Back in the day - we're talking Windows NT 4.0 timeframe - Microsoft created Windows Management Instrumentation, or WMI. This was a server component (technically, a background service, and it ran on Workstation as well as Server) that delivered up management information in the CIM format. Now, at the time, the CIM standards were pretty early in their life, and WMI complied with what existed at the time. But the standards themselves were silent on quite a few things, like what network communications protocol you'd use to actually talk to a server. Microsoft opted for Distributed Component Object Model, or DCOM, which was a very mainstream thing for them at the time. DCOM talks by using Remote Procedure Calls, or RPCs, also a very standard thing for Windows in those days.

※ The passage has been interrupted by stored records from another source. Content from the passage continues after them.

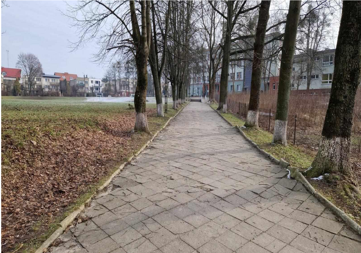
Rys. 3 Widok całej alejki komunikacyjnej od ul. Kętrzyńskiego
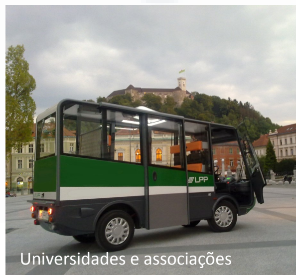
Universidades e associações
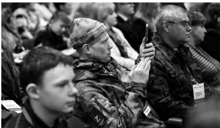
Участие в форуме приняли ветераны СВО, военные корреспонденты и волонтеры
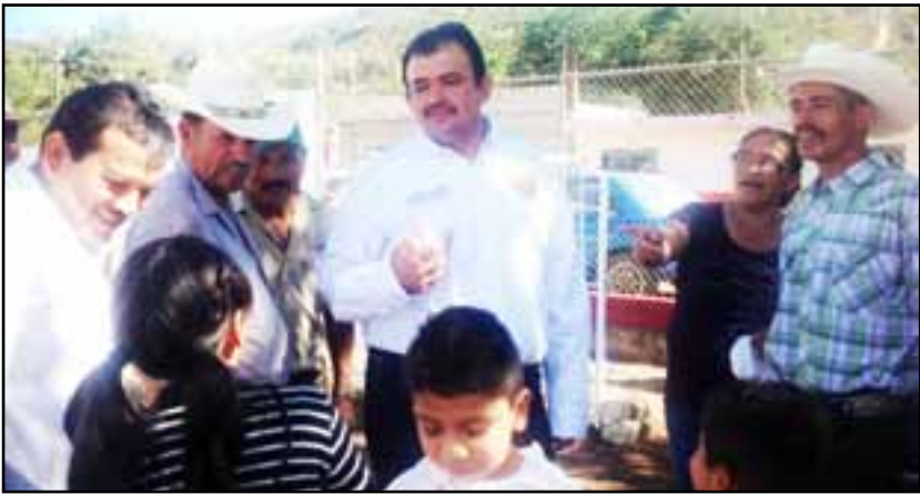
Participa en festejos de colonia de 6 de enero
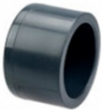
TAPON HEMBRA PVC SCH-80

REDUCCION COPA PVC SCH-80 [Detalles producto...]
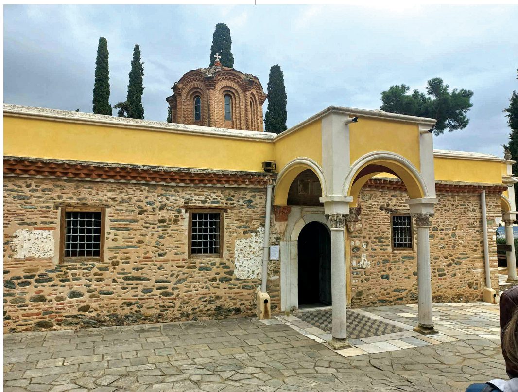
A görög Thesszalonika városának számos nevezetessége van. Ma a településen egymillió lakos él

Csapatunk mind az 54 tagja lelki élményekkel meggazdagodva térhetett haza, bárcsak tudnánk mi is hűséggel követni és hirdetni azt a Krisztust, akit Pál is követett és hirdetett.

Fast forward a bit to 2012. With Windows Management Framework 3, Microsoft releases a new version of WMI. They fail to give it a unique name, which causes a lot of confusion, but it complies with all the latest CIM specifications. There's still a server-side component, but this "new WMI" talks over WS-Management (Web Services for Management, often written as WS-MAN) instead of DCOM/RPC. Microsoft's implementation of WS-MAN lives in the Windows Remote Management (WinRM) service. The PowerShell cmdlets that talk this new kind of WMI all use CIM as part of the noun, giving us Get-CimInstance, Get-CimClass, Invoke-CimMethod, and so on. But make no mistake - these things aren't "talking CIM," because CIM isn't a protocol. They're talking WS-MAN, which is what the new CIM standard specifies.
Sidebar: From a naming perspective, Microsoft was pretty much screwed with the new cmdlets' names, no matter what they called them. "Cim" is a terrible part of the noun. After all, the "old WMI" was compliant with the CIM of its day, but it didn't get to be called CIM. The new cmdlets don't use any technology called "Cim," they're merely compliant with the newest CIM standards. Maybe they should have been called something like Get-Wmi2Instance, or Invoke-NewWmiMethod, but that wasn't going to make anyone happy, either. So, Cim it is.


Now, at some point, folks noticed that implementing a full WMI/DCOM/RPC stack wasn't ever going to happen on anything but Windows. It was too big, too "heavy," and frankly too outdated by the time anyone noticed. But there was a big desire to have all this CIM-flavored stuff running elsewhere, like on routers, switches, Linux boxes, you name it. So Microsoft wrote Open Management Instrumentation, or OMI. This is basically a CIM-compliant server that speaks WS-MAN, just like the "new WMI." But it's really teeny-tiny, taking up just a few megabytes of storage and a wee amount of RAM. That makes it suitable for running on devices with constrained compute capacity, like routers and switches and whatnot. Microsoft open-sourced their OMI server code, making it a good reference item that other people could adopt, build on, and implement.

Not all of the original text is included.